Artificial intelligence generally falls under two broad categories:
- Narrow AI: Sometimes referred to as “Weak AI,” this kind of artificial intelligence operates within a limited context and is a simulation of human intelligence. Narrow AI is often focused on performing a single task extremely well and while these machines may seem intelligent, they are operating under far more constraints and limitations than even the most basic human intelligence.
- Artificial General Intelligence (AGI): AGI, sometimes referred to as “Strong AI,” is the kind of artificial intelligence we see in the movies, like the robots from Westworld or Data from Star Trek: The Next Generation. AGI is a machine with general intelligence and, much like a human being, it can apply that intelligence to solve any problem.
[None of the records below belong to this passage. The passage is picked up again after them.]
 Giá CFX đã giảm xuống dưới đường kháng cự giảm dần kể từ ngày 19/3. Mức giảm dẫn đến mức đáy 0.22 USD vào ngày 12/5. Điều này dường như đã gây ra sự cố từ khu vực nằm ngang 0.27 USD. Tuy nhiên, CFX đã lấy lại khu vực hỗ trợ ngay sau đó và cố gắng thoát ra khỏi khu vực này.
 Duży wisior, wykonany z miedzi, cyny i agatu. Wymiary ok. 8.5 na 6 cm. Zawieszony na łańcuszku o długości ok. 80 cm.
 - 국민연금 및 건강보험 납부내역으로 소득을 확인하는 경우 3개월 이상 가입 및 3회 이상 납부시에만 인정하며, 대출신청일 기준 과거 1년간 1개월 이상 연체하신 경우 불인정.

ARTIFICIAL INTELLIGENCE EXAMPLES
- Smart assistants (like Siri and Alexa)
- Disease mapping and prediction tools
- Manufacturing and drone robots
- Optimized, personalized healthcare treatment recommendations
- Conversational bots for marketing and customer service
- Robo-advisors for stock trading
- Spam filters on email
- Social media monitoring tools for dangerous content or false news
- Song or TV show recommendations from Spotify and Netflix
Narrow Artificial Intelligence
Narrow AI is all around us and is easily the most successful realization of artificial intelligence to date. With its focus on performing specific tasks, Narrow AI has experienced numerous breakthroughs in the last decade that have had “significant societal benefits and have contributed to the economic vitality of the nation,” according to “Preparing for the Future of Artificial Intelligence,” a 2016 report released by the Obama Administration.
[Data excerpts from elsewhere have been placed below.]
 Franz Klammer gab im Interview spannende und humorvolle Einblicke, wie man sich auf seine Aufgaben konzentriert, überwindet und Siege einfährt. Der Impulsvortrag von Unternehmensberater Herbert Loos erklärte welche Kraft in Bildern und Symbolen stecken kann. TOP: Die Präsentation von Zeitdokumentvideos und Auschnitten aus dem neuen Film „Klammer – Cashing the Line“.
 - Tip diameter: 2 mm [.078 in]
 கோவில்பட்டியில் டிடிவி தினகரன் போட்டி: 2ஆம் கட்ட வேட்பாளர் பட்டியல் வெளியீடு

A few examples of Narrow AI include:
- Google search
- Image recognition software
- Siri, Alexa and other personal assistants
- Self-driving cars
- IBM’s Watson
Machine Learning & Deep Learning
Much of Narrow AI is powered by breakthroughs in machine learning and deep learning. Understanding the difference between artificial intelligence, machine learning and deep learning can be confusing. Venture capitalist Frank Chen provides a good overview of how to distinguish between them, noting:
“Artificial intelligence is a set of algorithms and intelligence to try to mimic human intelligence. Machine learning is one of them, and deep learning is one of those machine learning techniques.”
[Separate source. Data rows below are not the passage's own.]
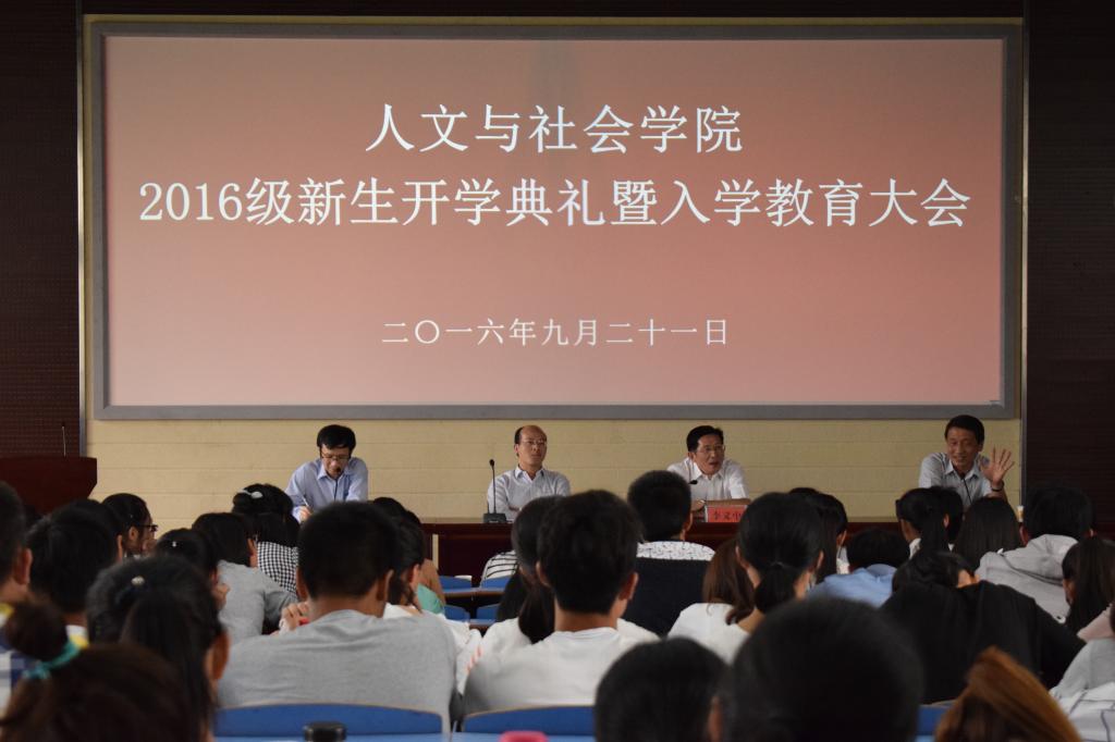 9月21日,人文与社会学院在文津楼111教室召开了2016级开学典礼暨入学教育大会。会议由党总支副书记许俊杰主持,院长李义中、党总支书记韦长发、副院长张祥稳、各科室负责老师、各教研室主任、新生辅导员以及2016级全体新生参加了大会。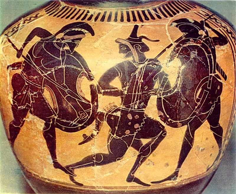 Сцена війни Розмір зображення: 800:658 піксел Джерело: Античне мистецтво. – К.: Мистецтво, 1977 р., № 21. Вкладені елементи Півпостать лівого грека Півпостать варвара Півпостать правого грека
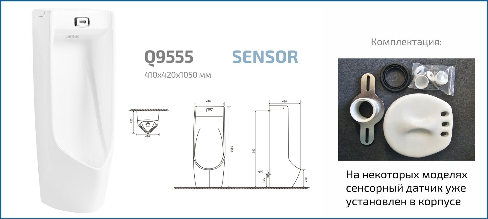 Publico — коллекция писсуаров, выполненная в строгом и лаконичном дизайне. Испанское качество и европейские стандарты соответствуют самым высоким требованиям эксплуатации. Напольный сенсорный писсуар GiD Q9555 оснащен встроенным сенсорным датчиком для автоматической активации слива. Изготовленный из высококачественной керамики белого цвета, он обладает современным дизайном, что позволяет ему гармонично вписаться в различные интерьеры. Писсуар GID Q9555 идеально подходит для современных ванных комнат и общественных санузлов, обеспечивая гигиеничность и удобство использования благодаря автоматическому сенсорному смыву.

Simply put, machine learning feeds a computer data and uses statistical techniques to help it “learn” how to get progressively better at a task, without having been specifically programmed for that task, eliminating the need for millions of lines of written code. Machine learning consists of both supervised learning (using labeled data sets) and unsupervised learning (using unlabeled data sets).
Deep learning is a type of machine learning that runs inputs through a biologically-inspired neural network architecture. The neural networks contain a number of hidden layers through which the data is processed, allowing the machine to go “deep” in its learning, making connections and weighting input for the best results.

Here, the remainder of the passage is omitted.